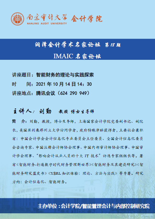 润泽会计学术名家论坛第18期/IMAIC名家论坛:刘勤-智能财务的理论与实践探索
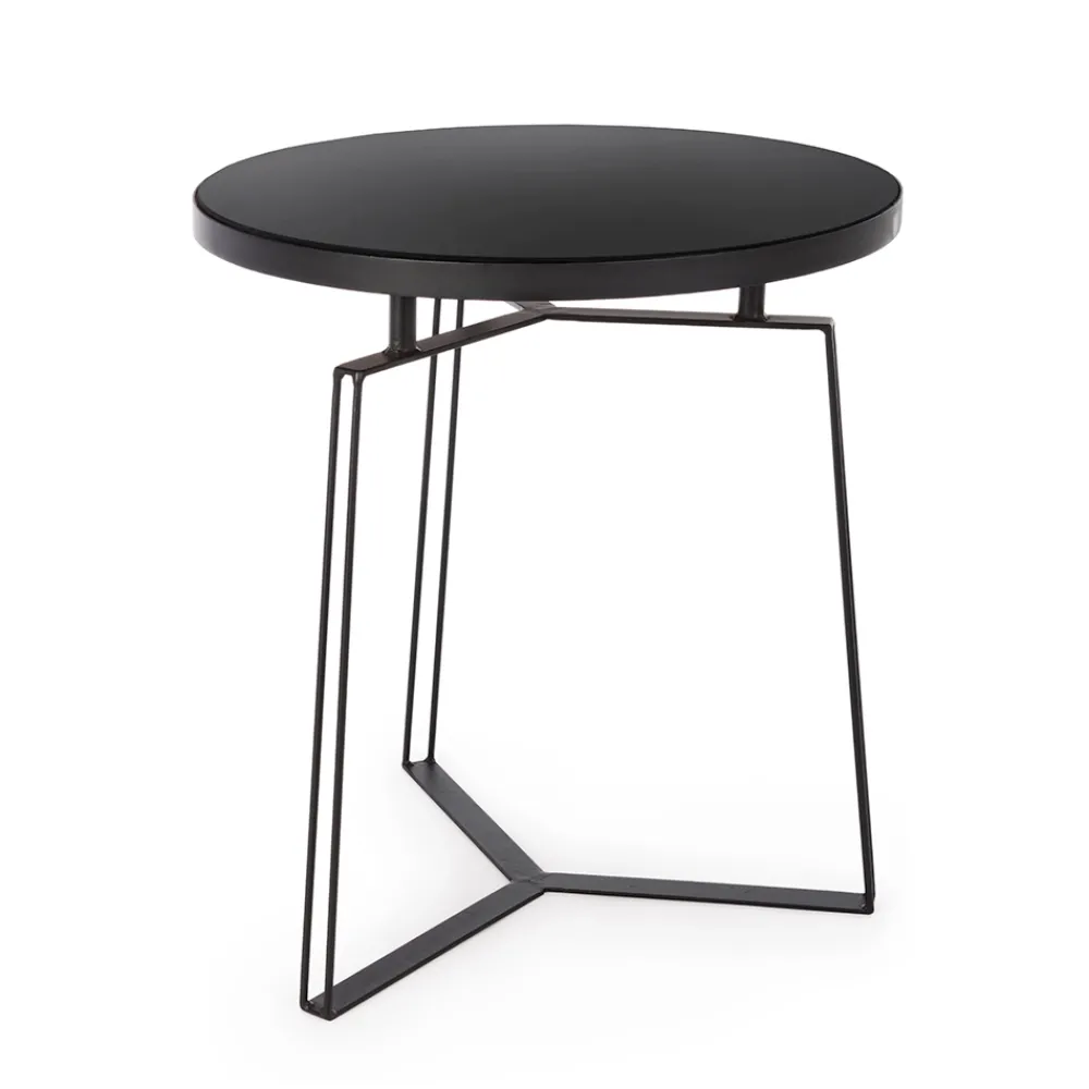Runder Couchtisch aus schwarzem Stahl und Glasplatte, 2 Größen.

--

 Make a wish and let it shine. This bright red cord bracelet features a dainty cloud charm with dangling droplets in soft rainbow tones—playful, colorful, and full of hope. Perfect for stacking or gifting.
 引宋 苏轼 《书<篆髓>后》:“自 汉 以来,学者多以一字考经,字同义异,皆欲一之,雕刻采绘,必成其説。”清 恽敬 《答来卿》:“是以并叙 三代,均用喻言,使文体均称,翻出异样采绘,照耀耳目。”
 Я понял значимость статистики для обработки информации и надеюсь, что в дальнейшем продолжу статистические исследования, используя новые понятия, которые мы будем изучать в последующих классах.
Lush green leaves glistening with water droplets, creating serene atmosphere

▶ **What to do**
Go through the data and copy every line that includes "with".

▶ **Solution for this problem**
 Make a wish and let it shine. This bright red cord bracelet features a dainty cloud charm with dangling droplets in soft rainbow tones—playful, colorful, and full of hope. Perfect for stacking or gifting.
Lush green leaves glistening with water droplets, creating serene atmosphere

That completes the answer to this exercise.